Hello!
I want to find repeated users who always do cash withdrawals between set weeks.
Right now I have it set up in a way where I have created tables for each week containing userid, transaction type and dates.
Tables: W1,W2,W3
Now to find the same users present every week I figure an inner join between the tables would do the job
PROC SQL; Select a.id FROM W1 A JOIN W2 B ON.. JOIN W3 C ON.. WHERE transaction type = ; QUIT;
I assume this would give the common users each week?
But what if I have created one big table with all the dates included. How would I go about in finding the repeated users each week?
Would keeping the tables separate make more sense?
IF you have actual SAS date values then Proc Summary and a careful selection of format should work for a long data set as described to find repeated users for a given week. This is the approach I would take instead of working with multiple tables.
Proc summary data=have nway; class idvariable datevariable; format datevariable weeku5. ; output out=want (drop=_type_ where=(_freq_>1)); run;
There are 3 different week formats, WeekU WeekV and WeekW with the differences being how the weeks crossing the calendar year are treated and the start day of a week.
The output data set will have the two class variables and the automatic variable _freq_ for the count of the number of observations that have the class variable combination. The date variable will look something like 19W03 (week 3 of 2019) but is still a date variable and changing the format will make it appear "nicer".

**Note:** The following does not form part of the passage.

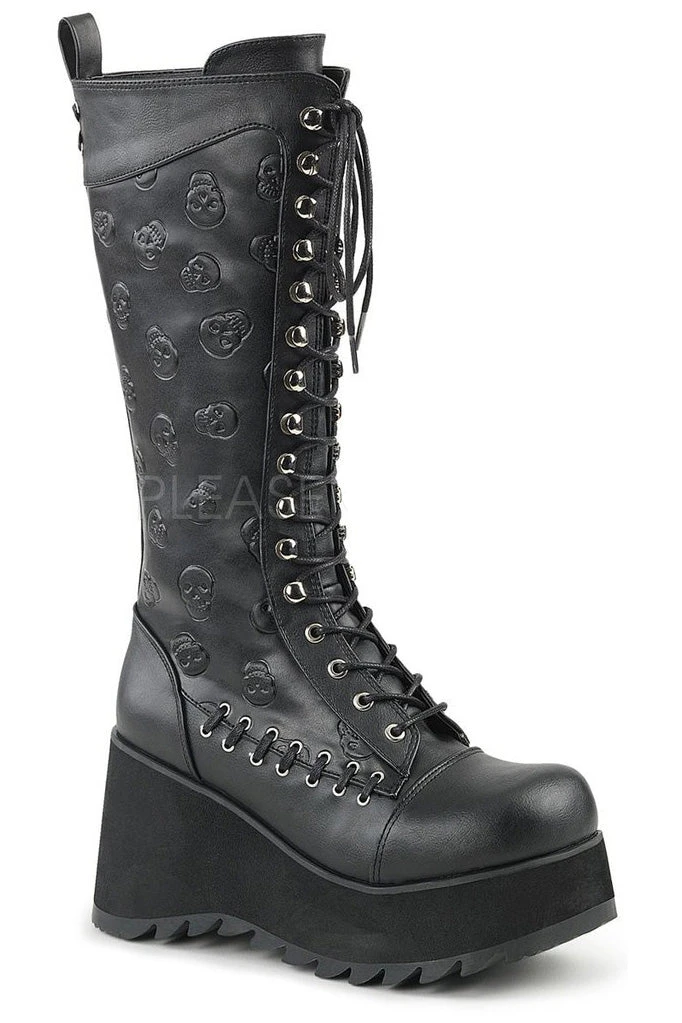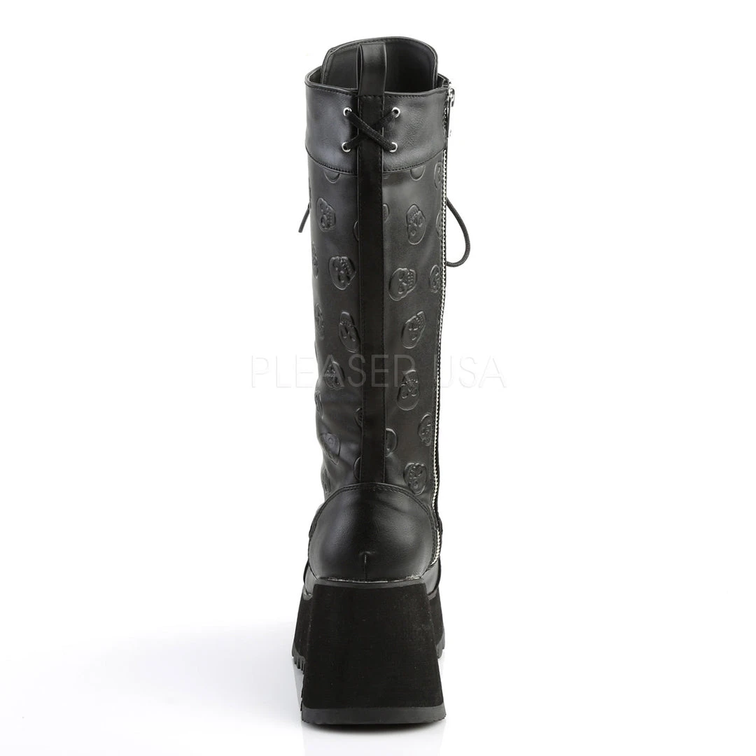 3 1/2″ (8.9cm) Platform Lace-Up Front Knee High Boot with Embossed Skulls on Shaft and Lacing Detail, Full Inside Zip Closure.

If you don't like the format approach to creating group you could take another step in a data step or sql to use the INTNX function to add a variable that represents the start or end day of a week and use that to group on.

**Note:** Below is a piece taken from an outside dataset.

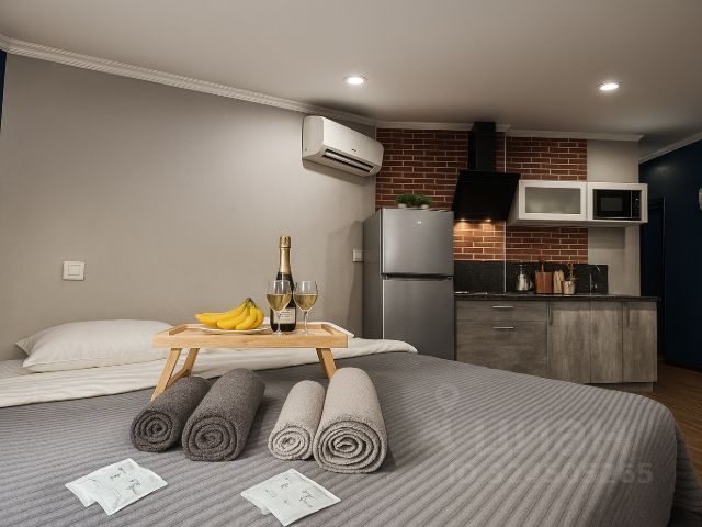 Уютный апарт-отель Дубровка находится в Москве, в пешей доступности от станции метро "Кожуховская" и станции МЦК "Дубровка". В шаговой доступности имеется инфраструктура — магазины и аптеки, кафе и рестораны, салоны красоты, а также торговый центр. В номерах есть всё необходимое для комфортного проживания: 1 двухспальная кровать, Wi-Fi, телевизор, плита, холодильник, микроволновка, фен, всё для сервировки стола. Апарт-отель находится на 6-м этаже и не имеет лифта. Вид комнат может отличаться от представленных вариантов на фото. Размещение иностранных гостей не предусмотрено. 16м2, 2 человека Уютный номер-студия с окном и всем необходимым для комфортного проживания.

IF you have actual SAS date values then Proc Summary and a careful selection of format should work for a long data set as described to find repeated users for a given week. This is the approach I would take instead of working with multiple tables.

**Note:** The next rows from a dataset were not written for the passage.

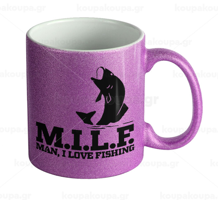 M.I.L.F. Mam i love fishing, Κούπα Μωβ Glitter που γυαλίζει, κεραμική, 330ml
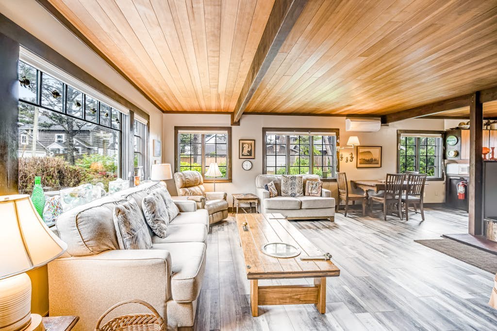 Historic Haystack Cabin is described as a charming, cozy, and comfortable beach retreat with a welcoming vintage character, spacious gathering areas, and a relaxing atmosphere that feels like home. The cabin is well furnished, thoughtfully stocked, and well equipped for cooking and beach stays, with comfortable beds, plentiful linens and towels, and inviting indoor spaces including a wonderful great room and wood stove. Guests frequently note that the property is very clean, spotless, and well maintained. Historic Haystack Cabin enjoys an excellent location just steps from the beach and within easy walking distance of town, shops, and restaurants, making it easy to leave the car behind. Guests also appreciate the ocean sounds, glimpses of the water, sunny deck, lovely garden, fenced yard, and easy beach access near Haystack Rock. Extra touches such as books, games, beach gear, laundry facilities, pet friendly features, and responsive management add to the appeal of Historic Haystack Cabin.
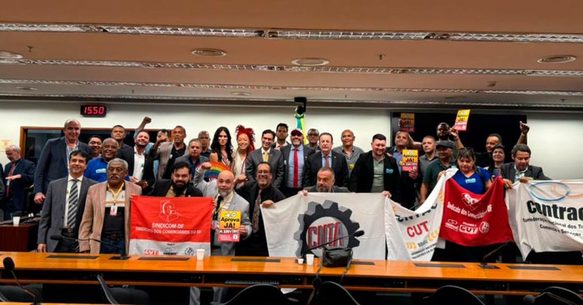 Trabalhadores comemoram aprovação do PL 3.361/2012 na Comissão de Trabalho da Câmara.

Proc summary data=have nway; class idvariable datevariable; format datevariable weeku5. ; output out=want (drop=_type_ where=(_freq_>1)); run;
There are 3 different week formats, WeekU WeekV and WeekW with the differences being how the weeks crossing the calendar year are treated and the start day of a week.
The output data set will have the two class variables and the automatic variable _freq_ for the count of the number of observations that have the class variable combination. The date variable will look something like 19W03 (week 3 of 2019) but is still a date variable and changing the format will make it appear "nicer".
If you don't like the format approach to creating group you could take another step in a data step or sql to use the INTNX function to add a variable that represents the start or end day of a week and use that to group on.
To answer the SQL/Design part of it, no. I would have one big table with the value of a week field differentiating between weeks.
I would try to go down the road @ballardw is suggesting.
If you don't want to do that or don't understand it:
data transactions;
input week customerid;
datalines;
1 1
2 1
3 1
4 1
5 1
6 1
1 2
3 2
6 2
;
run;
proc sql;
select
customerid
from
transactions
where
week >=2 and week<=4
group by customerid
having count(customerid) = 3;
quit;
shows that
customerid |
1 |
Customer 1 is your loyal weekly with this data.